Are Uro And Omnath Modern’s New Destructive Duo?

Uro, Titan of Nature’s Wrath and Omnath, Locus of Creation are a deadly Modern duo, but other options abound. Seven SCG creators say what they’d play.

Uro, Titan of Nature's Wrath, illustrated by Vincent Proce
Uro, Titan of Nature’s Wrath, illustrated by Vincent Proce

Welcome to What We’d Play! With the recent introduction of Zendikar Rising, many are unsure what they’d play in Modern. That’s where we come in and let you know what we’d play and why we’d play it. Hopefully this advice aids in your decision making for your next Modern event!

Ross Merriam — Selesnya Company

I’ve been on a Death and Taxes kick recently in Modern, but I think that deck’s time in the sun has come to an end. You can definitely still win with the deck if you’re well-practiced, so if you really want to play it go ahead, but the metagame has reacted to it and Death and Taxes isn’t flexible enough to react back and maintain its same position.

Instead I’m moving onto Selesnya Company, a deck that I think has been underrated recently. There are a ton of decks, like Rakdos Death’s Shadow or Humans, that can’t beat infinite life right now, and the addition of Conclave Mentor makes the Heliod, Sun-Crowned combo with Walking Ballista much easier to pull off.
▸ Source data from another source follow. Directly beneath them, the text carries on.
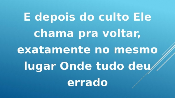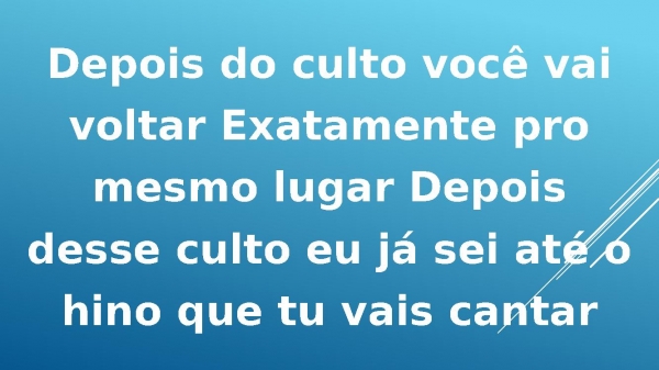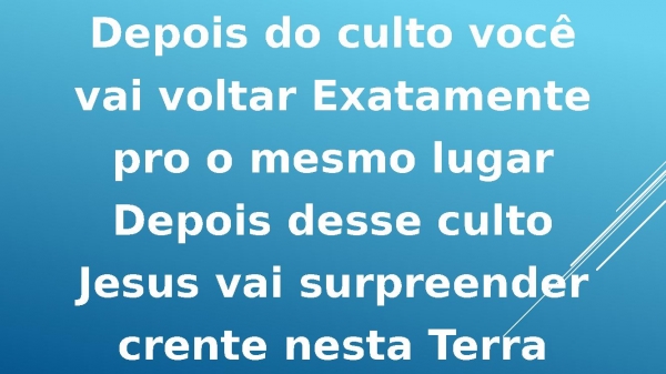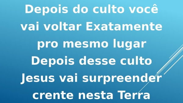 - Depois do culto vocêvai voltar Exatamentepro mesmo lugarDepois desse cultoJesus vai surpreendercrente nesta Terra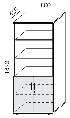 Regał RXP-4 składa się z dwóch części zamkniętej i otwartej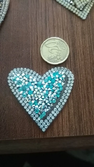 Сердечко славное. Камешки на месте. Не приклеивайте на тонкую ткань, утяжеляет вещь. На сумочку или куда-то еще.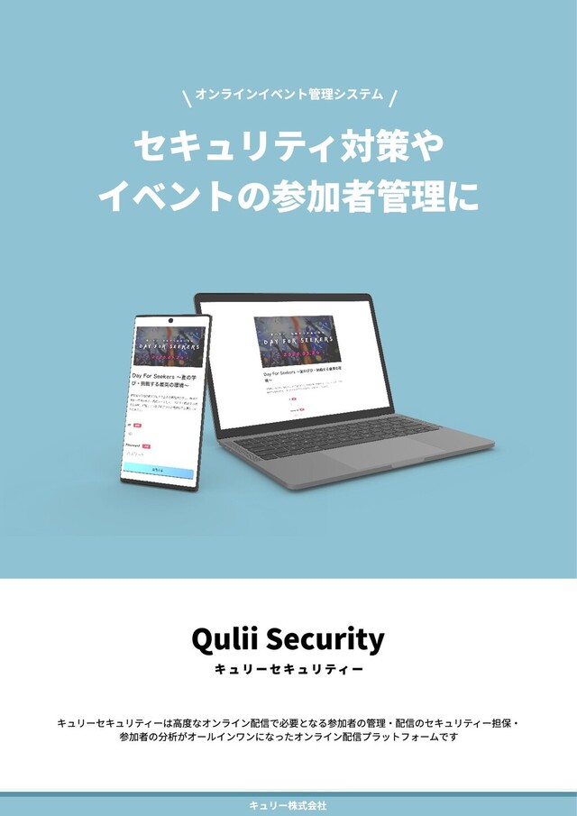 行う必要があり事前登録頂いた参加者の内誰が参加したかを把握するのは難しくなります。 本システムでは参加者のメールアドレスを登録するだけで、参加者にIDとパスワードを自動発行してイベン トやセミナーの参加時に本システムでログインして頂くことで参加者のリストを作成しセミナー終了時に即 時分析レポートをご確認頂くことができます。YouTube Liveなどの参加者率や参加者の傾向を図ることが出 来なかったツールでも本システムを組み合わせてご活用頂くことで次回以降のセミナーで効果的な集客を行 うことが可能となります。 詳細な分析レポートの発行 本システムをご利用頂くことでどの参加者が何時にイベントやセミナーに参加したのか、どの参加者が欠席 したのかなどを明記した詳細分析レポートを発行させて頂きます。合計参加者数や正確なイベントの参加人 数・参加率なども記載させていただいておりますので今後の分析にご活用頂けます。 通常の参加方法 本システムを使用した方法 参加者 イベント 事前に共有した 全員共通のURLから参加 誰が参加したのか分からない 参加者 イベント 本システム 事前に全員に発行された IDとパスワードでログイン 誰が何時に参加したのか分かる Security Qulii お名前 お名前 参加者リストを自動作成

Even though you often need a lot of different pieces, Collected Company, Eladamri’s Call, and Ranger-Captain of Eos you have plenty of ways to access those pieces quickly.

The other issue with the Heliod-Ballista combo was one of mana efficiency, and that problem is mitigated by the addition of Arbor Elf and Utopia Sprawl instead of more traditional mana creatures like Noble Hierarch and Birds of Paradise, not just because the combination of the two produces four mana instead of three, but also because Sprawl lives a lot more often in the face of Lava Dart, Fatal Push, etc.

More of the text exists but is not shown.